PCGs: a promising concept in search of a consistent methodology

From the previous analysis, we identify two key questions which deserve a closer look. To start with, a point we already highlighted, namely that this strategy strongly depends on the number of samples and their depth. Since this question is technical in nature, we will attempt to address it below. The second question would be what can be gained from this methodology that could not be addressed analysing directly all traits present in the set of samples under analysis.

A possible answer for the second question comes from the low taxonomic resolution that can be achieved sequencing fragments of the 16S rRNA gene, which cannot reliably resolve ranks under the genus level [12], in particular when the V4 region is targeted [20]. Since ecological coherence of taxa above the species level have revealed biogeographic patterns [21], estimating PCGs may be considered a more robust method to identify ecologically meaningful OTUs, further simplifying a subsequent search in the space of traits.

In addition, to the best of our knowledge, it still remains largely unknown for natural microbial communities how the degree of phylogenetic conservation expected relates to the dominance of homogeneous or heterogeneous selection or neutral processes. Therefore, another potentially interesting justification for searching PCGs is if their structure (i.e. the number and similarity thresholds of the OTUs they host) is informative of the underlying ecological and evolutionary processes.

In the following, we attempt to produce a pipeline to incorporate to Aguirre de Cárcer’s proposal a more consistent methodology that is less sensible to the number of samples in the dataset. In addition, we propose a number of tests, preceding the determination of PCGs, that would help establish bridges between different assembly ecological processes and the phylogenetic signal. We illustrate the proposal in Fig. 2, in which we reproduce some of the scenarios discussed in Fig. 1.

Fig. 2
figure 2

Summary of the proposed methodology.

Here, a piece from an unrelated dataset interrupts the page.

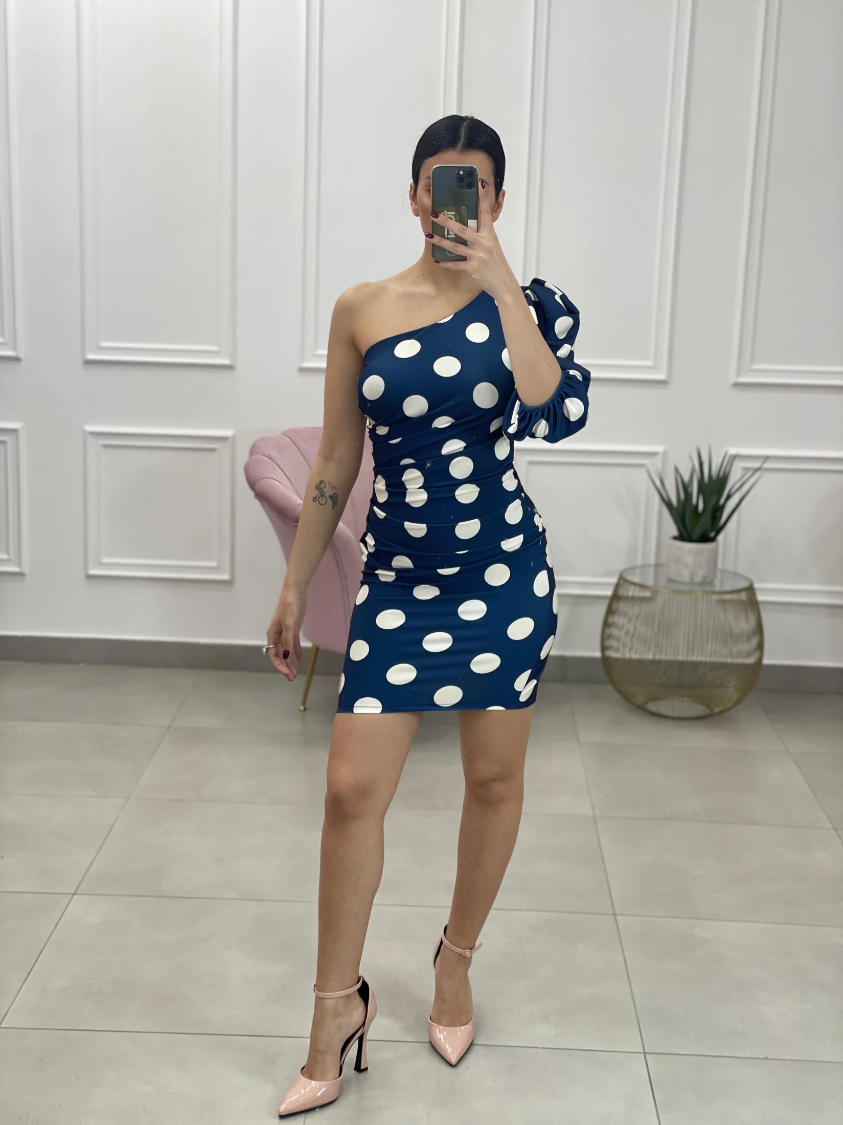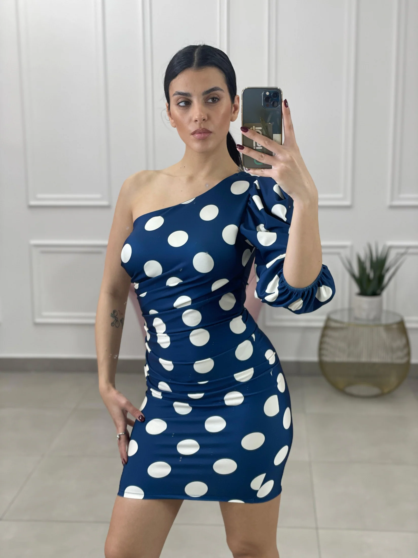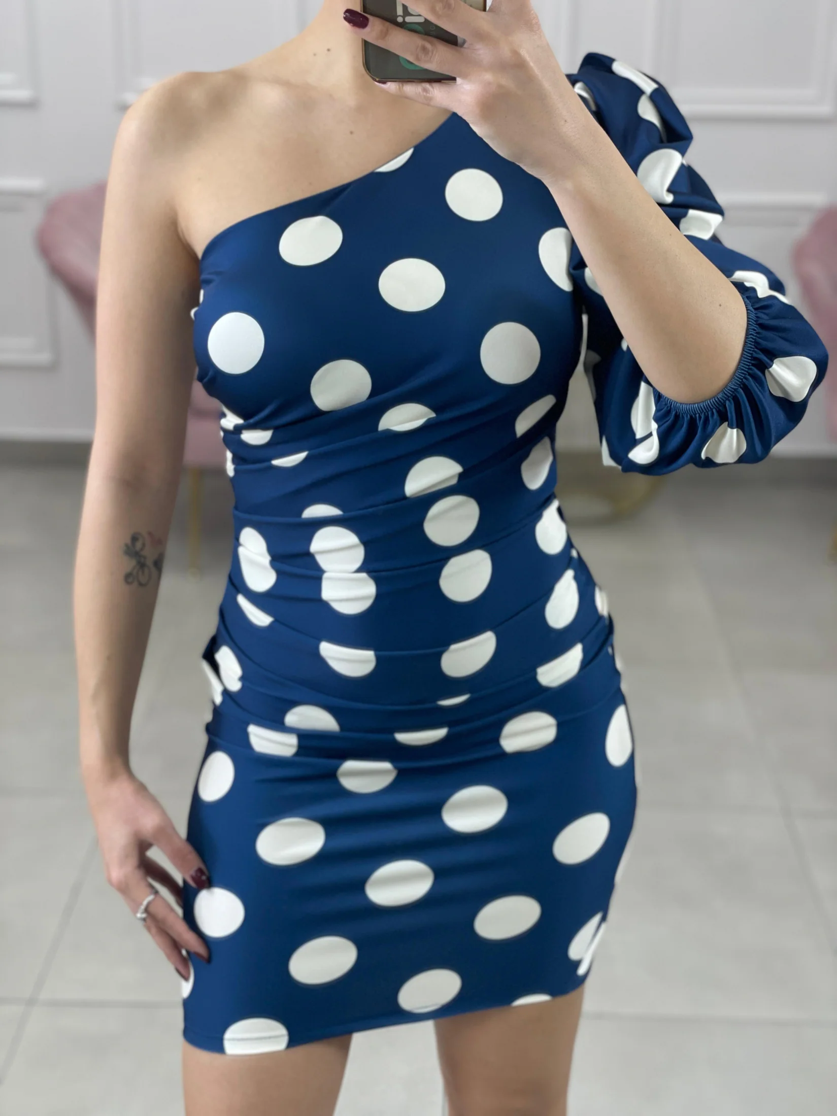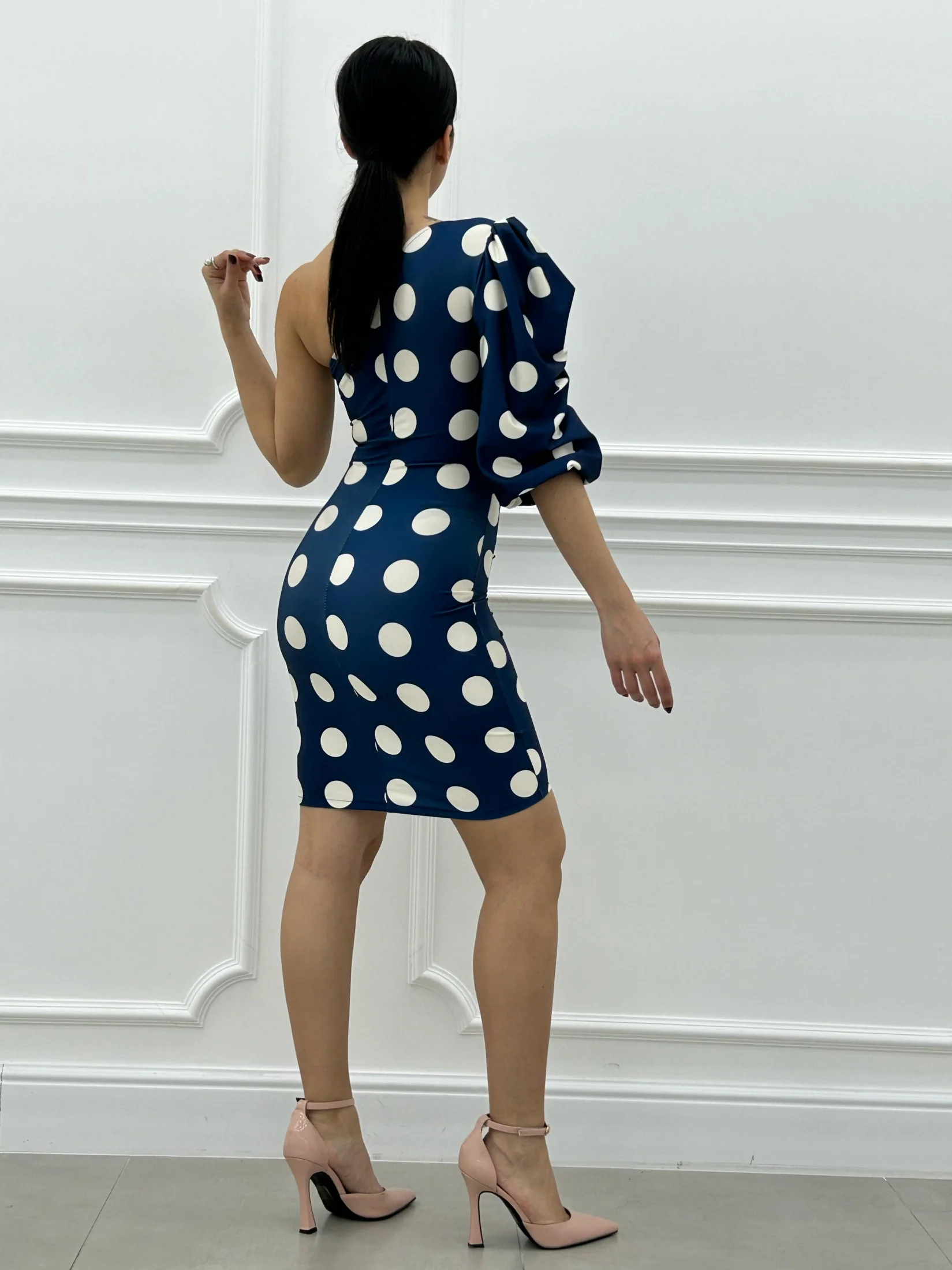 Vestito monospalla fantasia pois

Starting from a regional pool of species (top), the immigration rate (turnover high or low) and the environmental filtering determine the species that can be observed. The environment may be homogeneous (coloured rectangles), heterogeneous (triangles), or may be shaped by continuous transformations due to strong feedbacks with the microbial activity (cyclic arrows). Sampling these environments, classifying the samples into classes, and performing neutrality tests will lead to a classification of environments into different types of niches

Our proposal starts observing that the large number of different taxa in most natural samples makes unlikely to systematically find similar communities by chance. As a consequence, the determination of clusters of communities (hereafter “community classes”) sharing a significantly higher β−diversity similarity within classes than between classes is an appropriate starting point to infer the processes driving this similarity (see e.g [22, 23]). The β−diversity similarity should be computed using exact sequence variants (ESVs), i.e. sequences with single-nucleotide differences over the sequenced gene region [24], to avoid biases induced from a phylogenetic clustering [25]. The rationale is that the existence of classes can be indicative of environmental filters selecting for different communities’ compositions and also performing differentiated community-level functions [26].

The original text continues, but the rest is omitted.